Plot: Jake Donahue and his older brother Sean are in Thailand. Jake’s brother is fighting for the kickboxing championship of Thailand and wins his bout. Jake and Sean leave the arena victorious and are soon attacked by Khan and his henchmen. Khan takes Sean on in a fight and subsequently kills him. He then attacks Jake and leaves him scarred for life. Ten years later, Jake is a police officer, fighting crime in New York city. Jake is given a special assignment by his commanding officer Captain O’Day (played by Richard Jaeckel). His Captain tells him that there are filmmakers in Thailand who kill the actors on the set of their films. Jake is to travel to Thailand to stop them.

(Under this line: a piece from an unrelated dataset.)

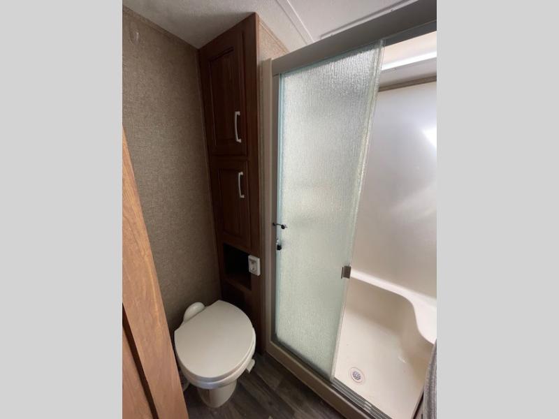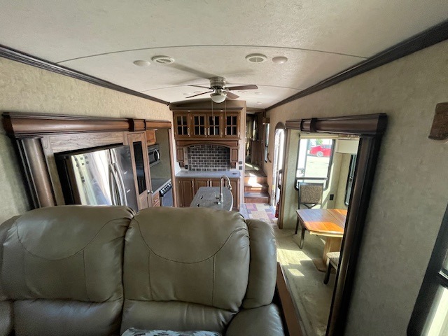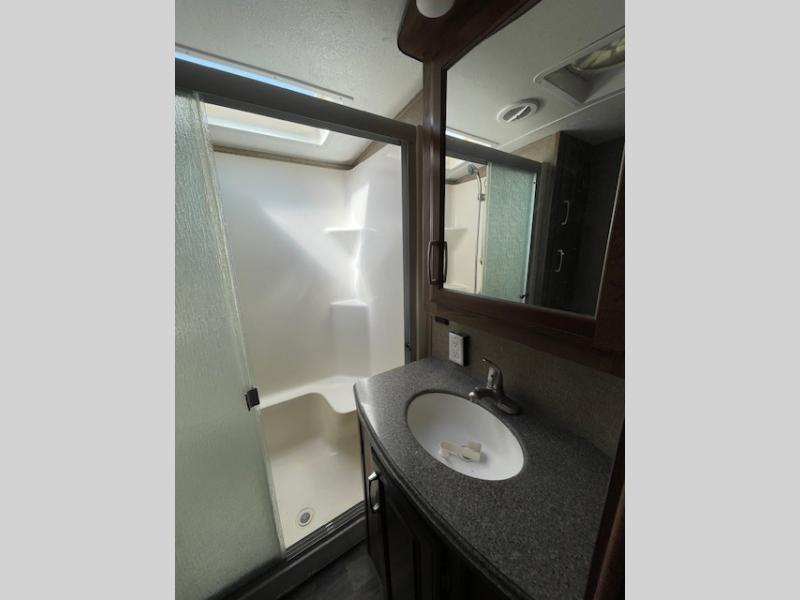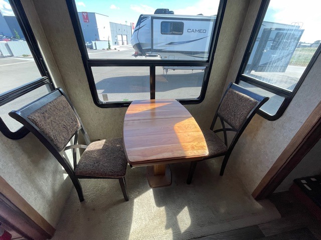 Step inside model 3791RD and see just how enjoyable your next camping trip can be with all the space inside. As you enter find a dining table with four chairs in a slide out to the left of the door. Straight ahead there is a slide out 18 cu. ft residential refrigerator, pantry, counter space, and three burner range with convection microwave oven. Additional counter space with overhead cabinets and lower storage are straight in from the door along the interior wall. There is also a convenient kitchen island where the double sink is located.

When it comes to early 1990′s B-movie actioners, Loren Avedon was definitely a name to look out for. After being discovered by Roy Horan and Ng See-Yuen, he was cast in No Retreat, No Surrender 2 and 3. This film would mark Avedon’s final film with Hong Kong-based Seasonal Film Corporation and to put it nicely, he went out with a major bang.
When Jake is on an undercover mission in NYC to nail a drug dealer, the dealer is played by kickboxing champion Jerry Trimble. Also you can notice Ong Soo-Han who gained fame in the B-movie circuit as the prison guard Demon in the Bloodsport 2 opposite Daniel Bernhardt. One of the victims of Khan played by Bruce Fontaine, who became one of the most prolific fighters during the “gwailo” bad guy boom of Hong Kong cinema.
Action choreography made by Tony Leung Siu-Hung and his team. The fight at Prang’s house and a flashback sequence would be Keith Hirabayashi’s only fight scenes, but his fight at house is the best in the movie and I wonder why producers gave to Keith only once chance to shine in Heatseeker alongside Gary Daniels.
The finale of the The King of The Kickboxers is truly an underrated fight classic, pitting Loren Avedon and Billy Blanks, decked out in Thai costumes in the middle of a bamboo booby-trapped ring. Despite very little wirework, the film showcased the martial arts skills of both martial artists to a tee. This marks some of Leung’s best action choreography in the martial arts department.
The U.S. cut of the film trims a graphically violent scene where Fontaine’s Dan Handel gets suspicious while shooting his movie, only to see a dead prostitute and after getting obliterated by Khan, gets impaled with a hook to his throat and hung. In the U.S. version, after Dan is thrashed, it cuts to Dan being hung.
The King of The Kickboxers is clearly one of the most underrated martial arts movies to come out in 1990′s and it is all thanks to the Hong Kong-style choreography and the skills of Loren Avedon, Billy Blanks, and Keith Cooke Hirabayashi.